Copy out the records in full, word for word, without pictures.

• • • • •

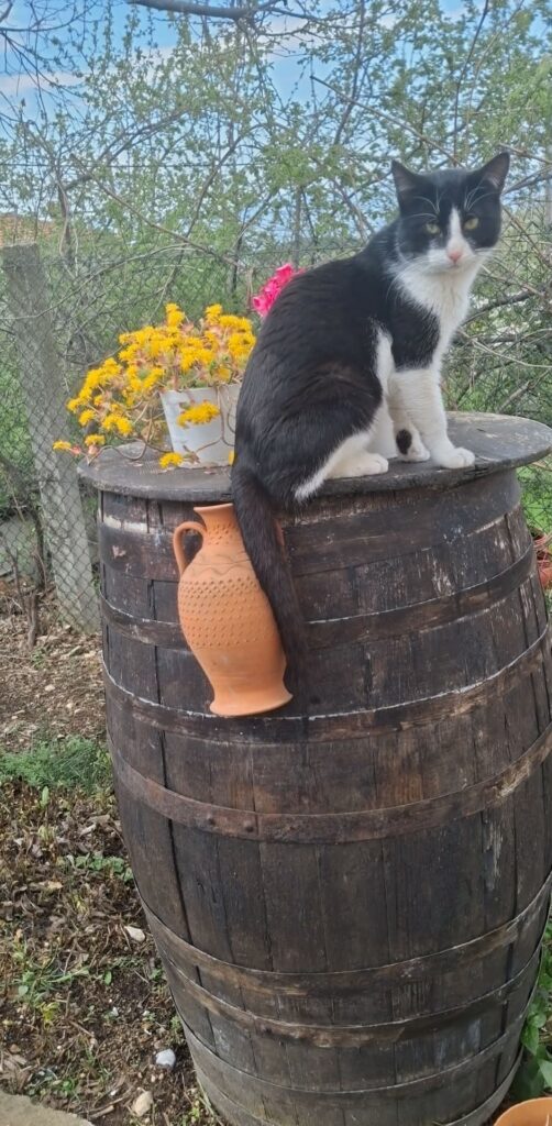 Με φόντο το πήλινο αμφορέα και τα κίτρινα άνθη, μας υπενθυμίζει ότι η ομορφιά ενός κήπου ολοκληρώνεται μόνο όταν συνυπάρχει αρμονικά με την αγάπη για τα ζώα.
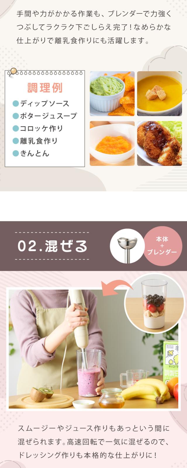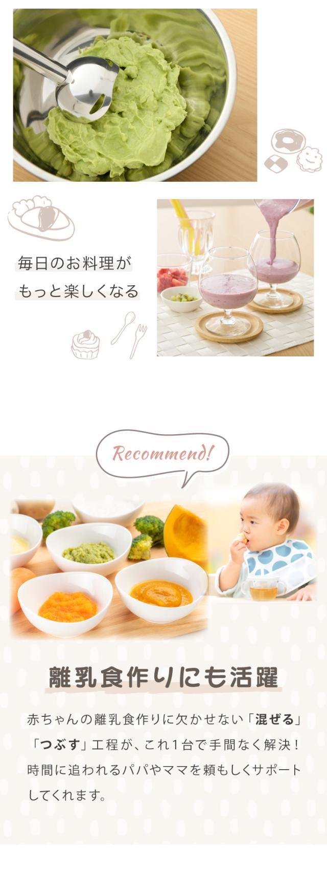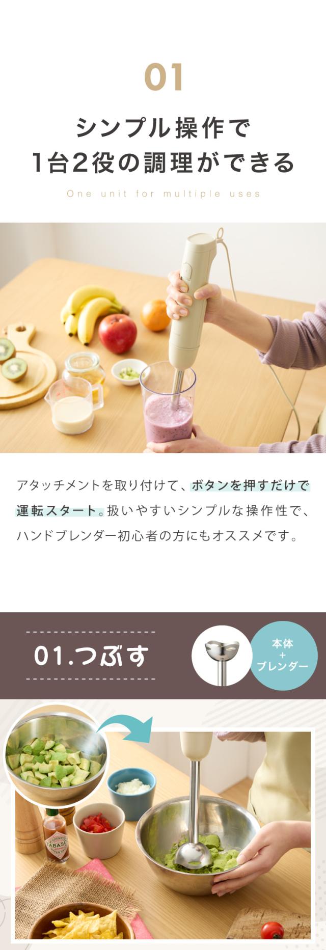 生クリーム、ホイップ、泡だて器、電動、フードプロセッサー、離乳食、調理器具、軽量、スリム、マルチスティック、ブレンダー、ジューサー、みじん切り器、つぶす、混ぜる、刻む、スピード調節可能、静音設計、多機能ミキサー
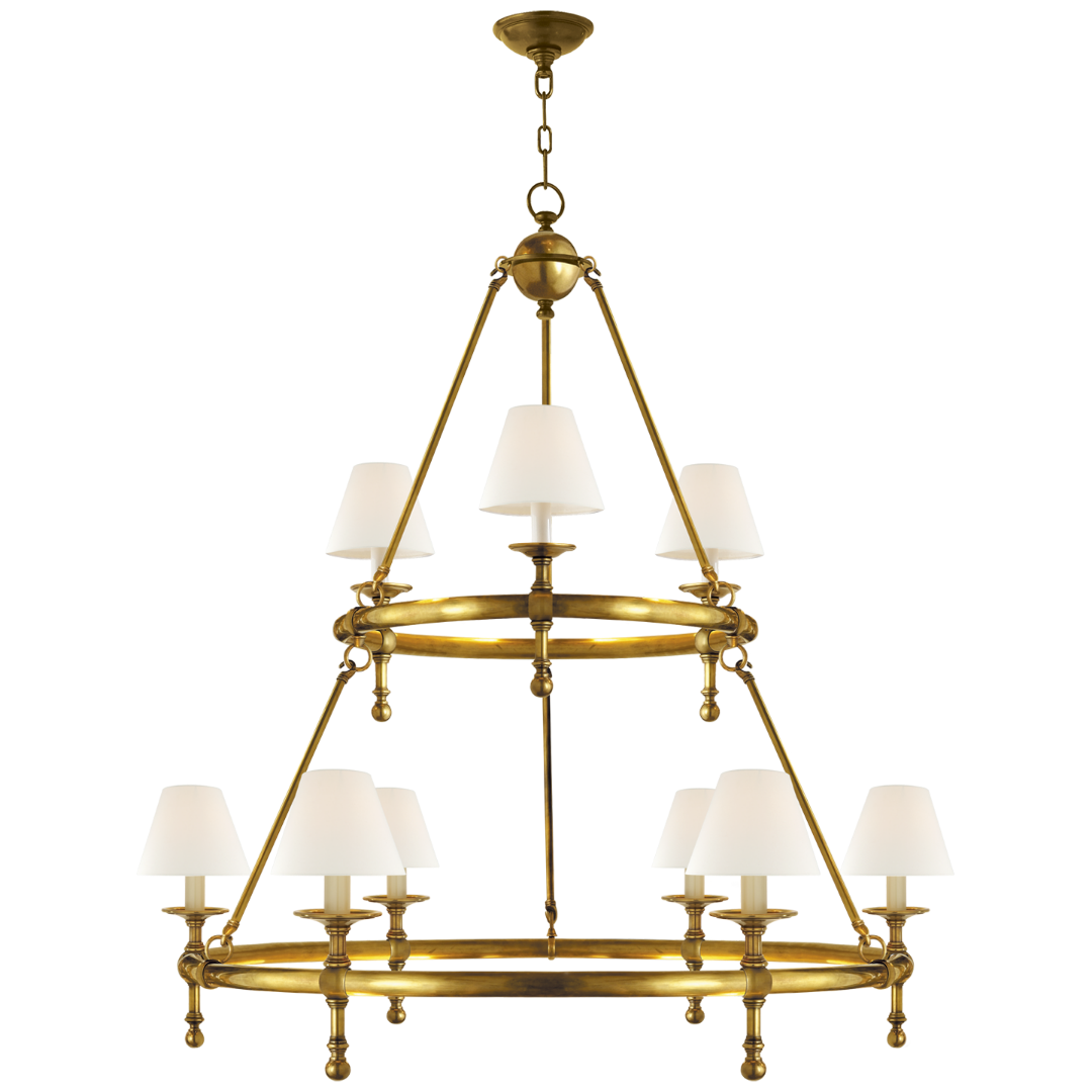 Люстра Classic от премиального американского бренда Visual Comfort. Стальной двухуровневый корпус цвета античной латуни представлен двумя кольцами разного диаметра, соединенных между собой подвесами. Работает от 9 лампочек максимальной мощностью 60 Ватт. Размер крепления к пололку 14 см. Размер абажура 8 х 15 х 13 см.
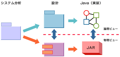 Javaによる実装では、論理モデルとしてJavaクラスがプログラミングされますが、これを物理的にJARファイルとしてまとめてコンポーネント化することになります。
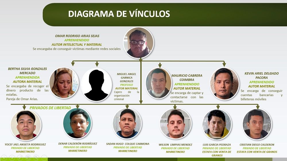 El viceministro de Régimen Interior y Policías, Jhonny Aguilera, explicó que esta red de estafadores virtuales, elegían víctimas al azar en redes sociales donde conseguía los números telefónicos y hacía creer en muchos casos que un familiar fuera del país se encontraba enfermo y necesitaba ayuda económica.
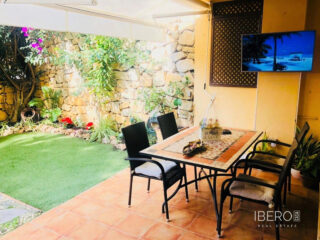 KRÁSNÝ PŘÍZEMNÍ BYT V PĚKNÉ URBANIZACI V CALAHONDA Tento krásný byt se skládá ze 2 dvoulůžkových pokojů (jeden z nich s krbem a vede do zahrady). Koupelna, kompletně zrekonstruovaná. Obývací pokoj, s rozkládací pohovkou, nábytkem na míru a krbem. Plně vybavená otevřená kuchyň, nedávno zrekonstruovaná, s kvalitními spotřebiči. Klimatizace. Pěkná krytá terasa, s pěkným nábytkem, grilem a vířivkou. Ve skvělé lokalitě, jen 5 minut chůze od moře. Soukromé parkoviště. Společný bazén obklopený krásnou udržovanou zahradou. Klidná urbanizace. Mijas Costa je úsek pobřeží, který leží mezi hranicemi měst Fuengirola a Marbella. Většina tohoto úseku byla urbanizována a zahrnuje letoviska El Faro, El Chaperral, La Cala de Mijas, Riviera del Sol, Calahonda a Sitio de Calahonda. Sitio de Calahonda je největší urbanizací v této části pobřeží a pláž Calahonda je největší pláží v obci Mijas o délce 4,5 km. Všechna tato letoviska spojuje pobřežní autobusová linka a v Mijas Costa se nachází 12 golfových hřišť. Na hranici s Fuengirolou leží nákupní centrum Miramar a vodní park.
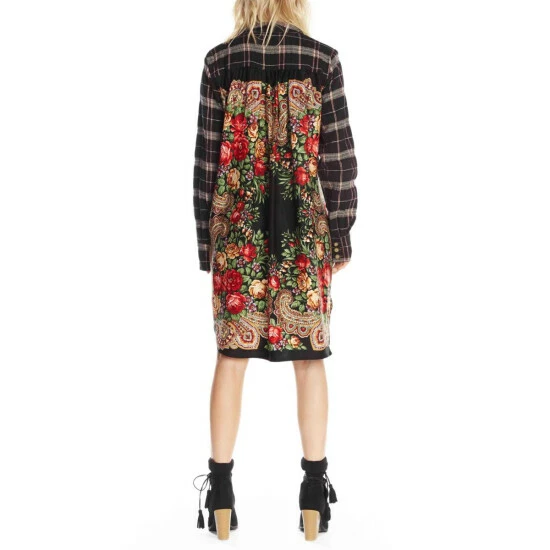 The House of Love Tunic from Aratta is a washed plaid/floral print scarf shirt-dress with royalty patch on the front pocket.

• • • • •

§ Answer for this exercise
 Με φόντο το πήλινο αμφορέα και τα κίτρινα άνθη, μας υπενθυμίζει ότι η ομορφιά ενός κήπου ολοκληρώνεται μόνο όταν συνυπάρχει αρμονικά με την αγάπη για τα ζώα.
 生クリーム、ホイップ、泡だて器、電動、フードプロセッサー、離乳食、調理器具、軽量、スリム、マルチスティック、ブレンダー、ジューサー、みじん切り器、つぶす、混ぜる、刻む、スピード調節可能、静音設計、多機能ミキサー
 Люстра Classic от премиального американского бренда Visual Comfort. Стальной двухуровневый корпус цвета античной латуни представлен двумя кольцами разного диаметра, соединенных между собой подвесами. Работает от 9 лампочек максимальной мощностью 60 Ватт. Размер крепления к пололку 14 см. Размер абажура 8 х 15 х 13 см.
 Javaによる実装では、論理モデルとしてJavaクラスがプログラミングされますが、これを物理的にJARファイルとしてまとめてコンポーネント化することになります。
 El viceministro de Régimen Interior y Policías, Jhonny Aguilera, explicó que esta red de estafadores virtuales, elegían víctimas al azar en redes sociales donde conseguía los números telefónicos y hacía creer en muchos casos que un familiar fuera del país se encontraba enfermo y necesitaba ayuda económica.
 KRÁSNÝ PŘÍZEMNÍ BYT V PĚKNÉ URBANIZACI V CALAHONDA Tento krásný byt se skládá ze 2 dvoulůžkových pokojů (jeden z nich s krbem a vede do zahrady). Koupelna, kompletně zrekonstruovaná. Obývací pokoj, s rozkládací pohovkou, nábytkem na míru a krbem. Plně vybavená otevřená kuchyň, nedávno zrekonstruovaná, s kvalitními spotřebiči. Klimatizace. Pěkná krytá terasa, s pěkným nábytkem, grilem a vířivkou. Ve skvělé lokalitě, jen 5 minut chůze od moře. Soukromé parkoviště. Společný bazén obklopený krásnou udržovanou zahradou. Klidná urbanizace. Mijas Costa je úsek pobřeží, který leží mezi hranicemi měst Fuengirola a Marbella. Většina tohoto úseku byla urbanizována a zahrnuje letoviska El Faro, El Chaperral, La Cala de Mijas, Riviera del Sol, Calahonda a Sitio de Calahonda. Sitio de Calahonda je největší urbanizací v této části pobřeží a pláž Calahonda je největší pláží v obci Mijas o délce 4,5 km. Všechna tato letoviska spojuje pobřežní autobusová linka a v Mijas Costa se nachází 12 golfových hřišť. Na hranici s Fuengirolou leží nákupní centrum Miramar a vodní park.
 The House of Love Tunic from Aratta is a washed plaid/floral print scarf shirt-dress with royalty patch on the front pocket.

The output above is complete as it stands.